LovelyBuggies opened this issue Mar 27, 2020 · 7 comments

Comments

@LovelyBuggies
Copy link
Collaborator

LovelyBuggies commented Mar 27, 2020

@jpivarski There might be a bug: when I run the code

root_hist = aghast.to_root(ghastly_hist, "root_hist")

A KeyError is thrown. It says no key "sumw2" is found. I search <"sumw2"> in this file and find this is the only one.

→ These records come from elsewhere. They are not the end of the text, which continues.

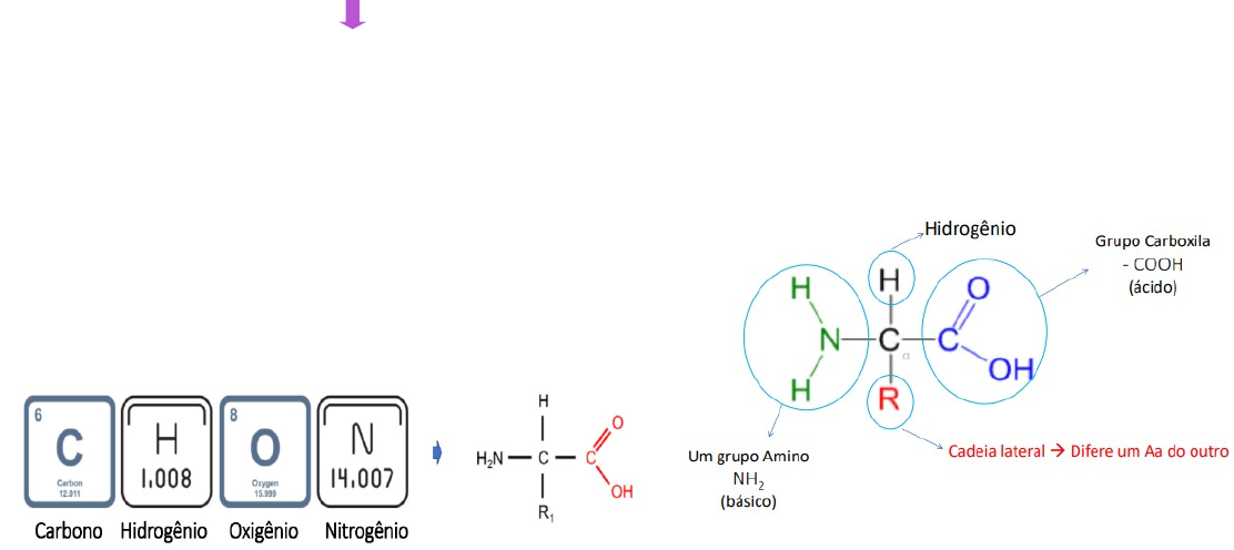 Aminoácidos e Proteínas Proteínas Moléculas mais abundantes e com maior diversidade de funções nos organismos vivos. EX: hormônios (insulina), proteínas contráteis (actina e miosina), proteinas estruturais (colágeno, elastina), proteinas de transporte (albumina)…. Diversidade em atuação. Caracterísitica Estrutural Polímeros de AMINOÁCIDOS Aminoácidos (Aa) Unidades fundamentais das proteínas. • Alfabeto no qual a linguagem da estrutura da proteina é lida. Moléculas orgânicas (ácidos orgânicos), formadas principalmente por átomos de: ~300 aminoácidos já foram descritos, PORÉM, apenas 20 aminoácidos são encontrados em proteínas. Aminoácidos NÃO ESSENCIAIS 11 Sintetizados pelo organismo e vão suprir as necessidades celulares. Aminoácidos ESSENCIAIS 9 Não são sintetizados precisam estar presente na dieta. OBS: apenas 9 Aa não dependem da alimentação. *Arginina, cisteína e tirosina são Aa (NÃO ESSENCIAIS), porém devem ser ingeridos na dieta. Fontes alimentares de Aa Alimentos de origem animal possuem proteínas de alto valor biológico. *Importantes fontes de aminoácidos essenciais MITO Todas proteínas só são adquiridas com alimentos de origem animal. Banana → Triptofano Estrutura Básica dos Aminoácidos • Todos aminoácidos tem pelo menos um carbono assimétrico (átomo de carbono ligado a qutro grupos diferentes entre si). • Em pH fisiológico (7,4): ◦ Carboxila encontra-se dissocidado ◦ Amido pronatado: - NH3 + Cadeia Lateral (R) dos Aminoácidos Variam em estrutura, tamanho e carga elétrica Classificado de acordo com as propriedades: j Aminoácidos Apolares • Distribuição homogênea de elétrons; • Incapazes de realizar ligações; • Menos solúveis. Aminoácidos Polares • Distribuição desigual de elétrons; • Participam de ligações; • São mais solúveis; • Ácidos e bases. Aminoácidos denominados “D” ou “L” • à esquerda são L- aminoácidos; • à direita dão D- aminoácidos. Propriedades ácidobásicas dos Aminoácidos Aminoácidos existem em pH fisiológico como íons dipolares → compostos químicos eletricamente neutros → possuem cargas opostas em diferentes átomos. • Carboxila = Íon carboxilado, - COO- • Amino = Íon amonia, -NH3 + Solução aquosa, dependendo do pH da solução, vai existir um equilíbrio entre íon dipolar e as formas aniônica- e catiônica+ do Aa. Aminoácidos Formando Peptídeos Peptídeos: pequenas cadeias de Aa unidos EX: Hormônios, neurotransmissores, adoçantes... Peptídeos O número de Aa que compõe os peptídeos, determina o prefixo do peptídeo. Peptídeo com 2 aminoácidos = dipeptídeo... Peptídeos que apresentam mais de dez resíduos de aminoácidos utilizamos os termos oligopeptídeos ou polipeptídios. Oligepeptídeos • Cadeia pequenas de aminoácidos; • Número máximo de 20 aminoácidos. Polipeptídeos • Empregado para peptídeos com mais de 20 aminoácidos; • Sinônimo de proteína. Grupo carboxila de um aminoácido reage com um grupo amino de outro aminoácido, liberando H2O e produzindo uma ligação covalente denominada LIGAÇÃO PEPTÍDICA. Aminoácidos Formando Proteínas Aminoácidos se ligam de modo covalente (ligações peptídicas) em uma sequência linear. 20 aminoácidos são combinados diferentemente, produzindo proteínas com propriedades e funções diferentes Síntese Proteica Acontece a partir da tradução: mRNA carrega código genético → direciona a sintese de proteina especifica 3 bases nitrogenadas (códon) → indica Aa a ser direcionada na formação da cadeia polipeptídica. Ribossomos são os responsáveis Proteínas São macromoléculas biológicas mais abundantes. Presentes em toda célula, a partir da tradução do RNA Diversidade de funções. Organização Estrutural da Proteínas Estrutura Primária • Sequência linear de Aa que compõe a proteína; • Determinada genéticamente. Estrutura Secundária • Apresenta-se “torcida”, dobrada sobre si, adquirindo várias conformações • Resultado da estrutura primária : depende do número e distribuição dos Aa ao longo da cadeia. Estrutura Terciária • Cadeia polipeptídica se curva e dobra em três dimensões; • Maior estabilidade e menor volume • Diversos tipos de interações quimicas Estrutura Quartenária • Associação de cadeias peptídicas; • Interações não covalentes entre as cadeias peptídicas e outros compostos de origem não proteíca. Ex: hemoglobina Hélice alfa > helicoidal Hélice beta > zigzag Proteína Globular: esferas irregulares, + solúvel, funções diversas. Ex: Hemoglobina Proteína fibrosa: formato cilindrico, - solúvel, funções estruturais. Ex: Colágeno e Queratina Grupo Protético Componente de natureza não proteica de proteínas conjugadas. Proteínas conjugadas podem ser classificadas em: • Cromoproteína: confere cor; • Glicoproteina: é um glicídeo; • Lipoproteína: é um lipídeo; • Nucleoproteína: é um ácido nucleico. Classificação Quanto a composição: Proteínas simples : por hidrólise (Aa) Proteínas Conjugadas: por hidrolisse (Aa + composto orgânico ou inorgânico) Quanto ao número de Cadeias: Proteínas Monoméricas: apenas uma cadeia polipeptídica. Proteínas Oligoméricas: mais de uma cadeia polipeptídica. Quanto a forma: Proteínas Fibrosas: organizam-se em forma de fibras ou lâminas, insolúveis. Proteínas Globulares: formadas por cadeias polipeptídicas que se dobram, solúveis. By: Hanna Desnaturação Proteica Exposição de proteínas a pH extremo ou temperaturas elevadas: Causa modificações físicas na conformação tridimensional e na função fisiológica das proteínas – DESNATURAÇÃO Causa a perda da configuração espacial da proteína modifica completamente sua função. Ocorre por alterações nas estruturas secundária e terciária da cadeia.
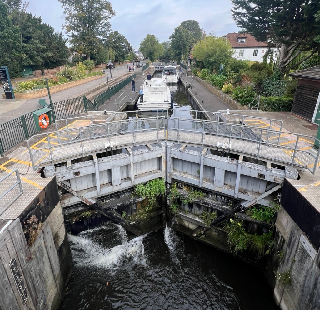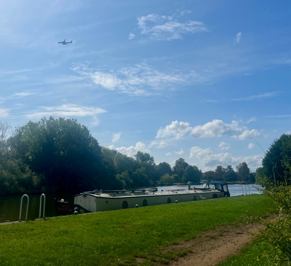 On leaving Maidenhead, the green tunnel returned. We were next to Eton College’s rowing lake and Windsor racecourse was close by on the other bank, but the views were mostly blocked by trees. We enjoyed some clearings, including a stop for lunch when we counted the planes queueing up to land at Heathrow, and watched Eric and Keesha’s plane bring them safely towards Heathrow.
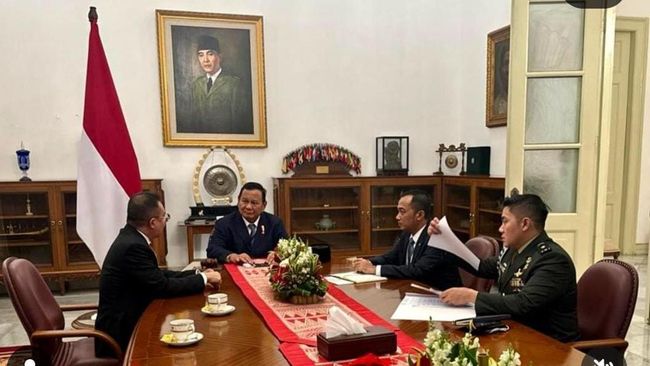 Hal itu diungkap Sufmi Dasco Ahmad dalam unggahan di akun Instagramnya. Dalam foto itu tampak Prabowo bersama Menteri Sekretaris Negara Prasetyo Hadi, Sekretaris Kabinet Teddy Indra Wijaya dan Dasco.
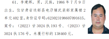 - 2024-04-07兰州西固法院曝光新一批失信被执行人
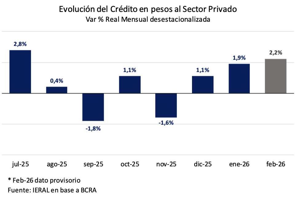 Si bien la variación del mes a mes del crédito al sector privado volvió a terreno positivo, actualmente en torno al 2,0 % en términos reales, estos guarismos no comparan con la experiencia del segundo semestre de 2024, cuanto esta variable crecía a un ritmo de 7,0 % mensual acumulativo.
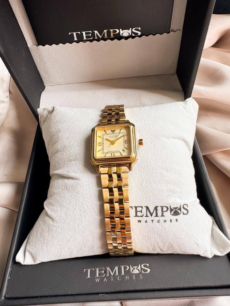 TEMPUS ORIGINAL , incluye estuche, resistencia al agua: 5 ATM Water resist (NO SUMERGIBLE) 1 año de garantía, Hora análoga, minutos, segundos, Calendario: Numero del día, ancho de la caja 24 MM, largo de la caja 22 MM , Ancho del pulso 12 mm Material del reloj: Caja y pulso en acero inoxidable, cristal zafirado

sumw = obj.counts[tuple(slc)]
if isinstance(sumw, dict):
sumw, sumw2 = sumw["sumw"], sumw["sumw2"]
sumw2 = numpy.array(sumw2, dtype=numpy.float64, copy=False)
else:
sumw2 = None

P.S., I am using pip install aghast, so the package I'm using might be a little out of date. But I check the latest code and the latest PR #24 , there are no changes with respect to to_root() in this file.

@jpivarski
Copy link
Member

Here is where it's supposed to come from:

@property
def array(self):
out = {"sumw": self.sumw.array}
if self.sumw2 is not None:
out["sumw2"] = self.sumw2.array
if self.unweighted is not None:
out["unweighted"] = self.unweighted.array
return out

The bit of code you've quoted checks for the difference between a Counts, which can be represented by a single array, and a WeightedCounts, which is an array of "sumw" and an array of "sumw2".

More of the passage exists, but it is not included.